The XSM virtual machine model and instruction set
The virtual machine model provided to user level programs by the ExpOS on the machine is described here. The virtual machine model explains the "view" of the machine provided to the application by the operating system.
The XSM virtual machine contains 20 general purpose registers (R0-R19) and three special registers - Stack pointer (SP), Base pointer (BP) and the Instruction pointer (IP). The SP register is normally used to point to the top of the application program's stack. The BP register is used to point to the base of the activation record of the currently executing function. IP points to the next instruction in the user memory to be fetched and executed. The memory address space available to the application is of 5120 words starting at (virtual) address 0 and ending at (virtual) address 5119.
The OS stipulates that this virtual address space must be divided into various regions called library, code, heap and stack. These will be described in detail later. The virtual machine model also allows the application to invoke traps to the operating system kernel for read, write and program termination (using the INT instruction). The details of the implementation of the kernel routines are hidden from the application and the application needs to know only the interface to invoke these routines. These interfaces will also be described later in this documentation.
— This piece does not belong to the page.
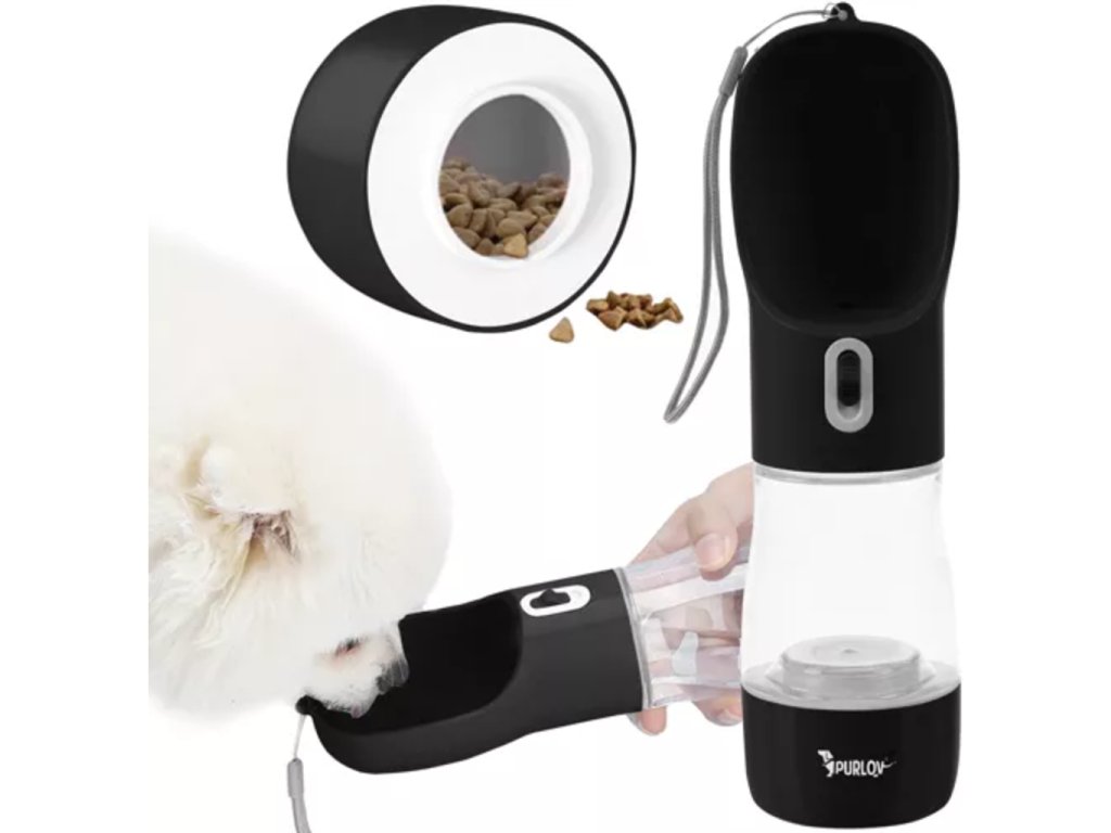 Rádi chodíte na dlouhé procházky se svým čtyřnohým mazlíčkem? Nebo máte někoho blízkého, komu by jste chtěli udělat radost užitečnou pomůckou pro nejlepšího přítele člověka. Touto téměř nezbytností není nic jiného než Láhev pro psy 2v1 300ml Tato láhev na vodu pro psa je unikátní v několika ohledech. Má 2 základní funkce. Můžete v ní skladovat jídlo a vodu , stejně jako krmit a napájet vašeho mazlíčka . Toto řešení zajistí, že váš mazlíček bude mít vždy přístup k čisté vodě a krmivu . Kompaktní rozměry lahve a provázku poslouží nejen při cestování, ale i na procházce či výletu mimo město. Provázek se bude hodit pro uchycení láhve s vodou, aby nepřekážela, ale byla vždy po ruce. Dávkovač je navržen tak, aby se mohli snadno napít psi malých i velkých plemen. Ergonomický tvar láhve umožňuje snadnou manipulaci i jednou rukou . Láhev má tlačítko, které umožňuje nalít správné množství vody z nádobky do misky. Tlačítko lze také uzamknout. Po napojení zvířete můžete zbývající vodu nalít zpět do nádoby. Díky tomu nevylijete vodu např. v autě.

The following figure gives a high level picture of the XSM virtual machine model.
The XSM virtual machine instruction set specifies the set of assembly level instructions. The compiler must translate the source ExpL program to a target program containing only these instructions. The assembly instructions allowed include Data Transfer Instructions, Arithmetic Instructions, Logical Instructions, Stack Instructions, Sub-routine instructions, Debug instructions and Software interrupts. The machine registers available to the target program are R0-R19, SP, BP and IP.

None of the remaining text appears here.